■ Task details ■
The lines below from the one with "- Voodipesukomplekt SJB-414, valge/must/sinine, 200" up to and including the one with "Rolling hillside farmland" are what you should set down, exactly and without pictures.

■ Given records ■
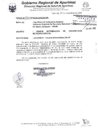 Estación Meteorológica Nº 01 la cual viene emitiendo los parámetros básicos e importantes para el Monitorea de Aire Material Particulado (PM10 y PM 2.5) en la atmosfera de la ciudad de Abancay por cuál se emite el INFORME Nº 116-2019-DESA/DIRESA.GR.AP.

==

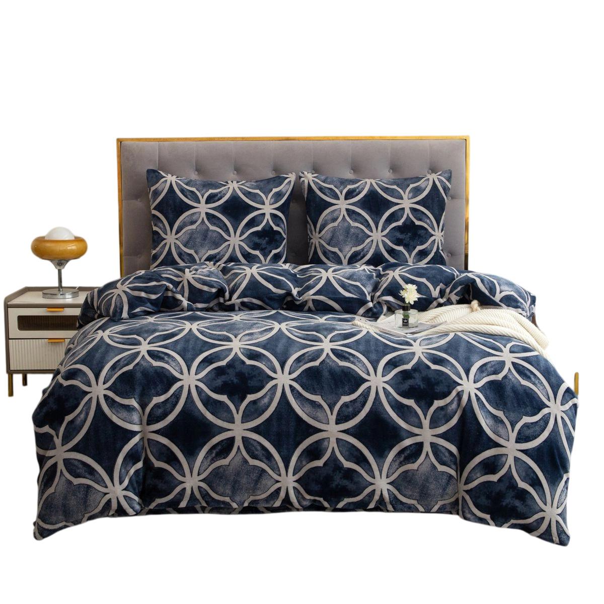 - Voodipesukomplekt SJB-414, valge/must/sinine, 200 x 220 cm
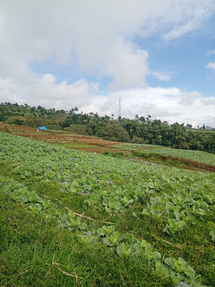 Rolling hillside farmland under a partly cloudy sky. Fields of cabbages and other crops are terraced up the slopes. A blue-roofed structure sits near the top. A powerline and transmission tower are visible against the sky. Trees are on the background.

--

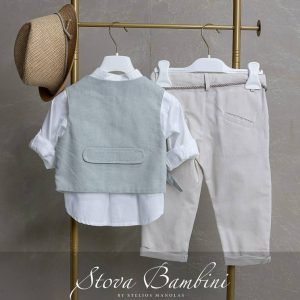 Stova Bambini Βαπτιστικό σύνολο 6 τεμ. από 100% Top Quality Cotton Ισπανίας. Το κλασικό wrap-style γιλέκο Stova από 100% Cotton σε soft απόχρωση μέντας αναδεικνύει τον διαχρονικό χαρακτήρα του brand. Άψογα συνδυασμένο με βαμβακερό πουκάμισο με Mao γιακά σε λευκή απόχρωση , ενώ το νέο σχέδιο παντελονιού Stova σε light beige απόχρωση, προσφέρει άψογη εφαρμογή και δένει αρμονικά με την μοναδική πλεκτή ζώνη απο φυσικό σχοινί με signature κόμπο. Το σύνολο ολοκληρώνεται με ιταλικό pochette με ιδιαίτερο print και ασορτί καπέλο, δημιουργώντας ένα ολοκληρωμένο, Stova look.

■ Response ■
 - Voodipesukomplekt SJB-414, valge/must/sinine, 200 x 220 cm
 Rolling hillside farmland under a partly cloudy sky. Fields of cabbages and other crops are terraced up the slopes. A blue-roofed structure sits near the top. A powerline and transmission tower are visible against the sky. Trees are on the background.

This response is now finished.